Give back the exact lines of the material below from the one containing "Metal cylinder with" through the one containing "皆さまのおかげで、メンズ脱毛", and no pictures.

# Supplied information
● ● ● ● ● ● ●
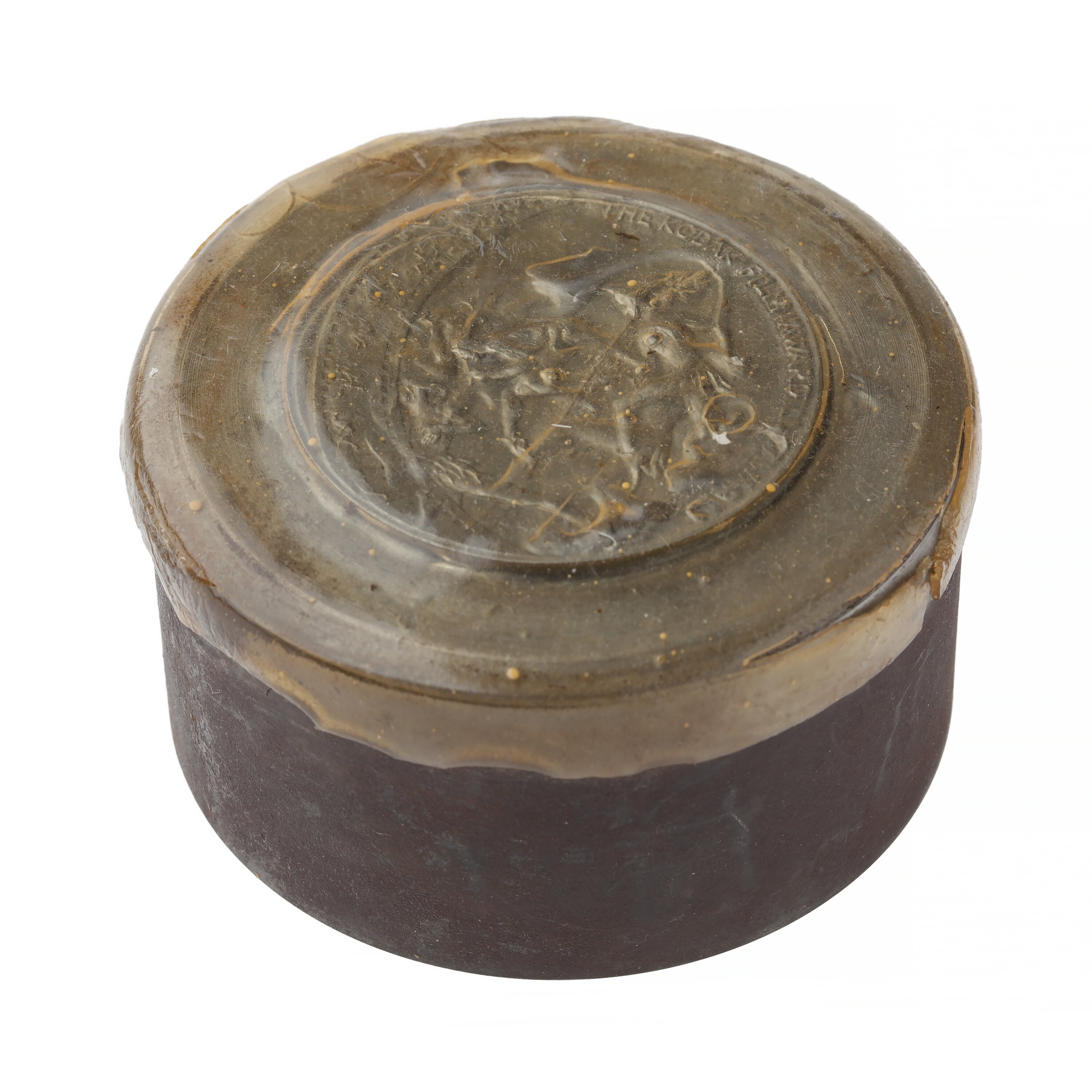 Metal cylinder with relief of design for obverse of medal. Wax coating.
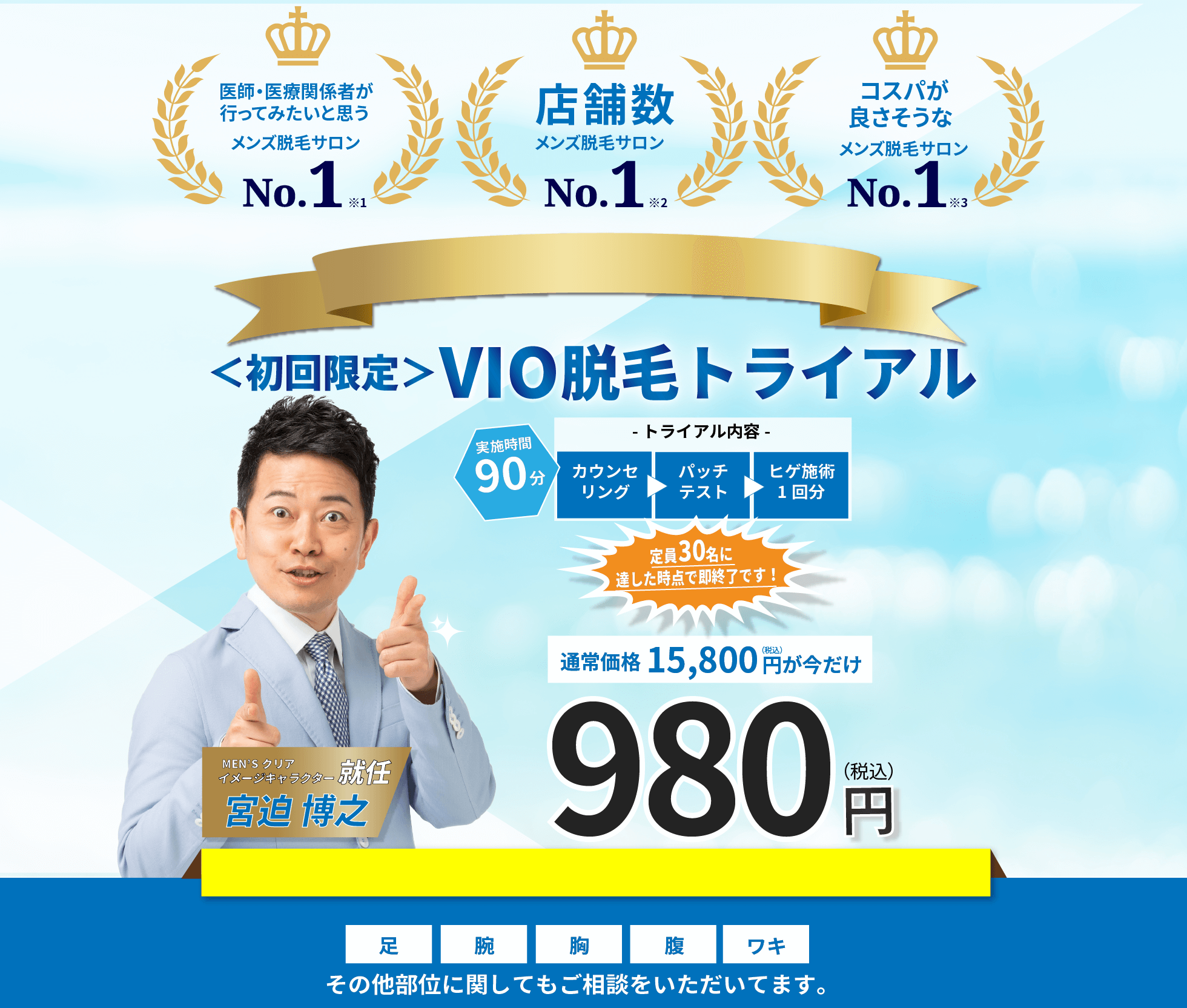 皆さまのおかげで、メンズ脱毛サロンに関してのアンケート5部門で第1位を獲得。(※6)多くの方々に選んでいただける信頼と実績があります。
● ● ● ● ● ● ●
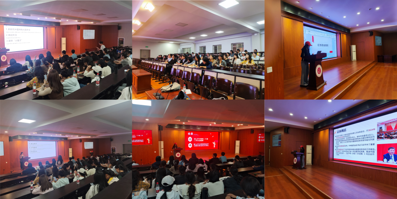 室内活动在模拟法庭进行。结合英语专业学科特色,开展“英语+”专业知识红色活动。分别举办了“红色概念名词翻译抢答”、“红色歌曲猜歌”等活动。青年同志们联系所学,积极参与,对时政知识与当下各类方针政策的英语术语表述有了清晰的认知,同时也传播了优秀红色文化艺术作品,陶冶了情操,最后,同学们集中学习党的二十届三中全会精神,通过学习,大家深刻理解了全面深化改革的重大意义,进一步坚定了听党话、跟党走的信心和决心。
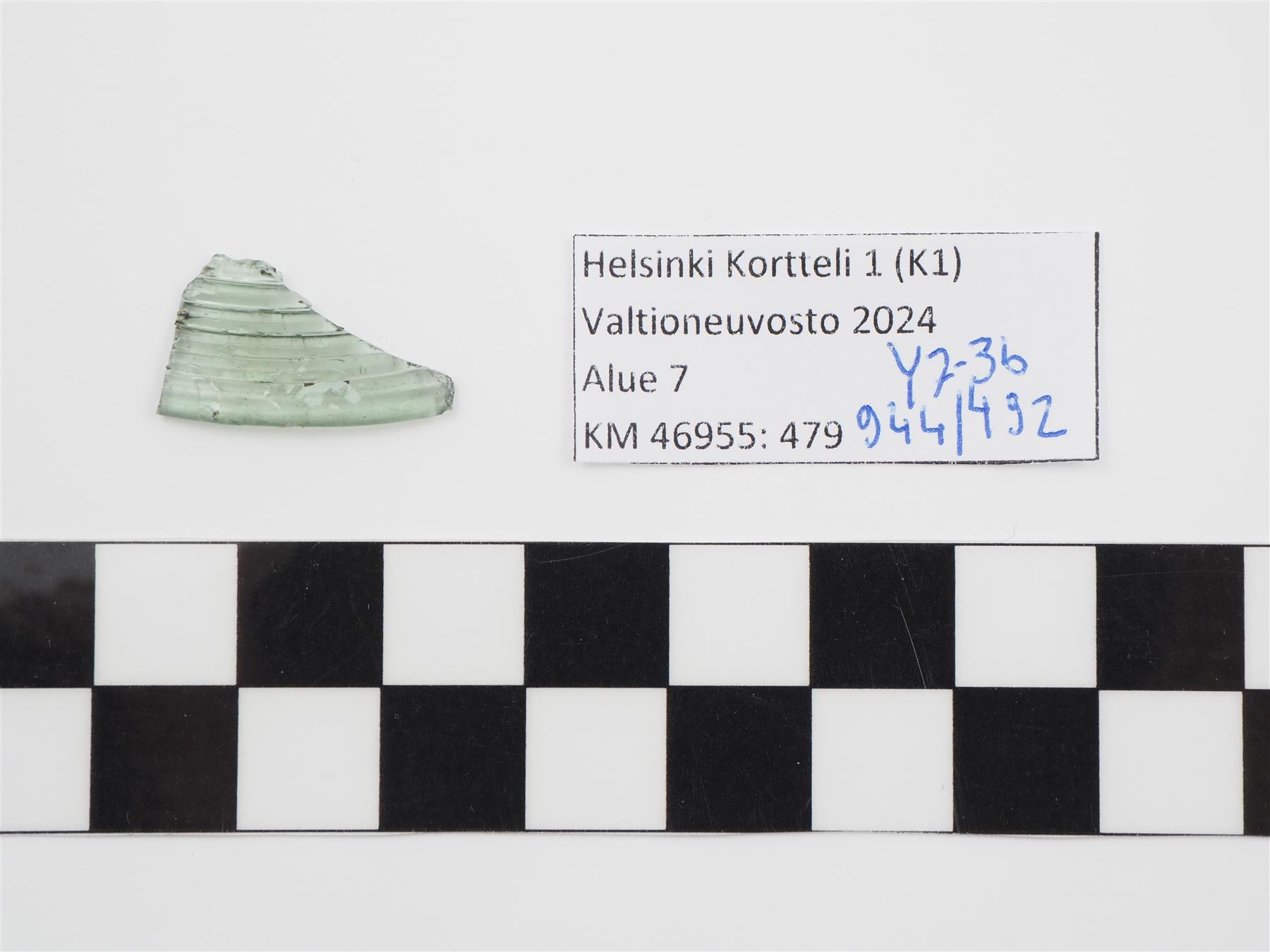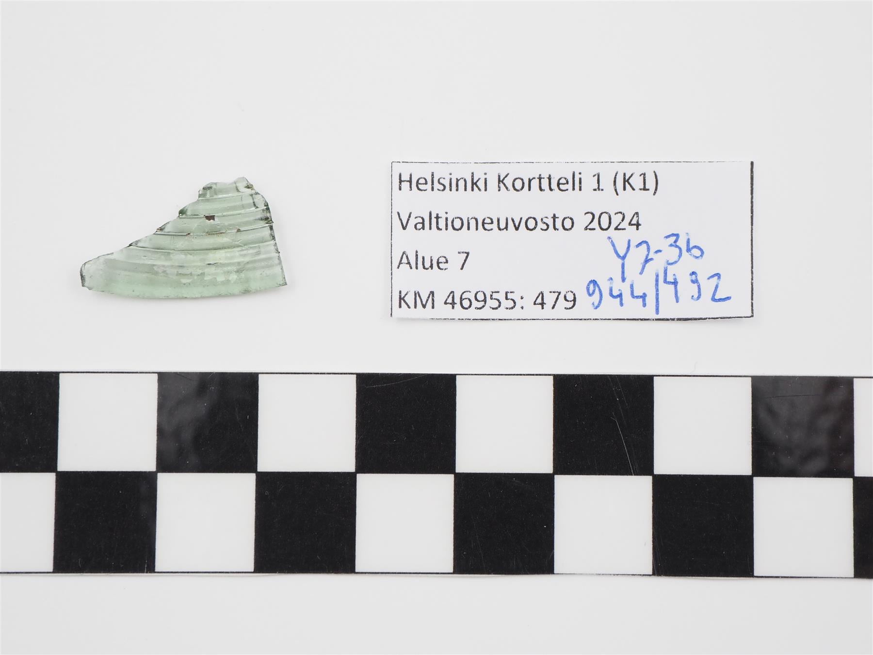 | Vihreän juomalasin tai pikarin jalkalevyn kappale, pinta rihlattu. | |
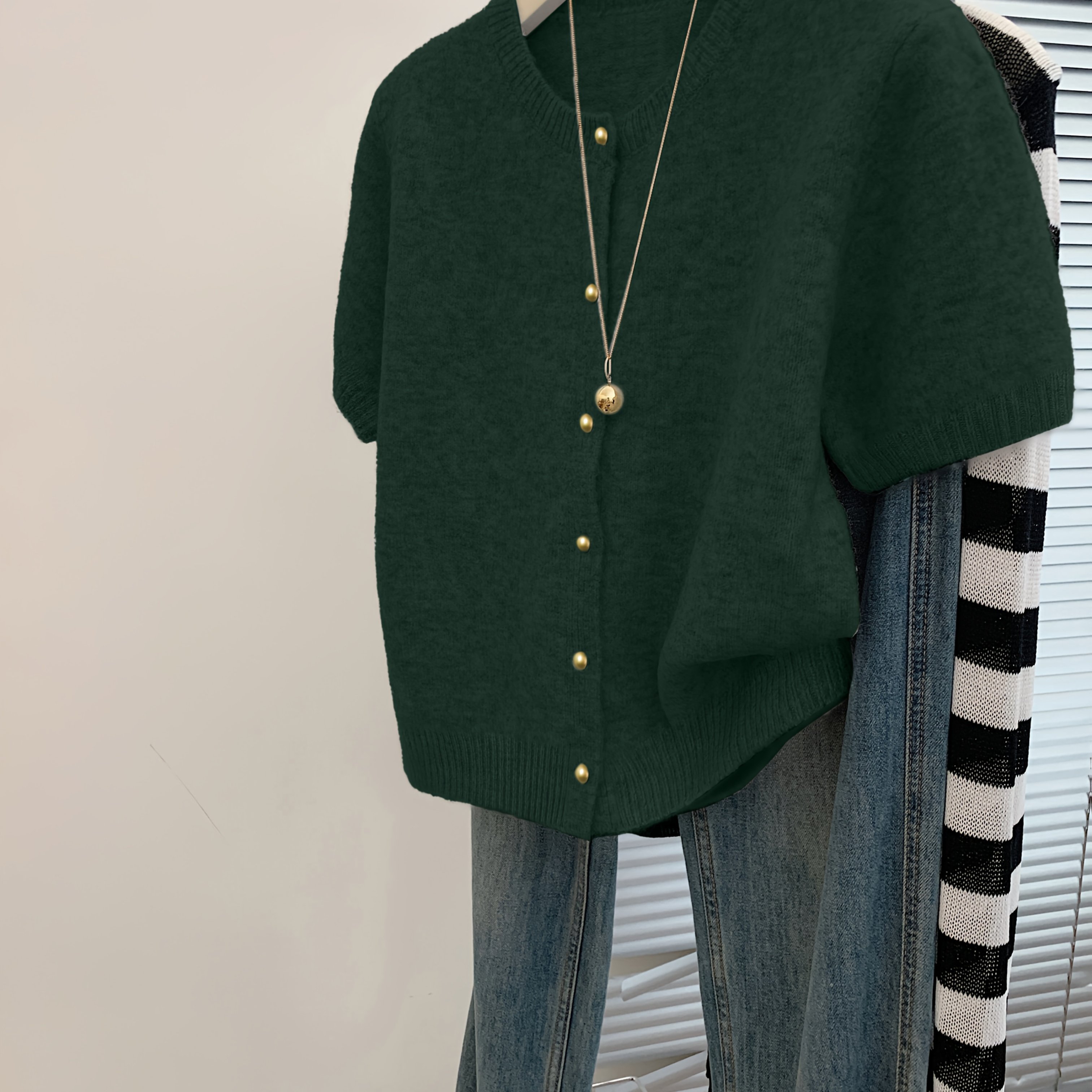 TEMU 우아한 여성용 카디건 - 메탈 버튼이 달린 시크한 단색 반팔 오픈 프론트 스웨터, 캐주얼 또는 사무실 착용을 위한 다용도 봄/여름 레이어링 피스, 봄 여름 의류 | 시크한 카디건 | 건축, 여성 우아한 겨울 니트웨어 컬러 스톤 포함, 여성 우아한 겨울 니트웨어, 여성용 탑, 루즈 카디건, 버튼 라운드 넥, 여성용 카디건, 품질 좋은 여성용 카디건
● ● ● ● ● ● ●
# Response to the task
 Metal cylinder with relief of design for obverse of medal. Wax coating.
 皆さまのおかげで、メンズ脱毛サロンに関してのアンケート5部門で第1位を獲得。(※6)多くの方々に選んでいただける信頼と実績があります。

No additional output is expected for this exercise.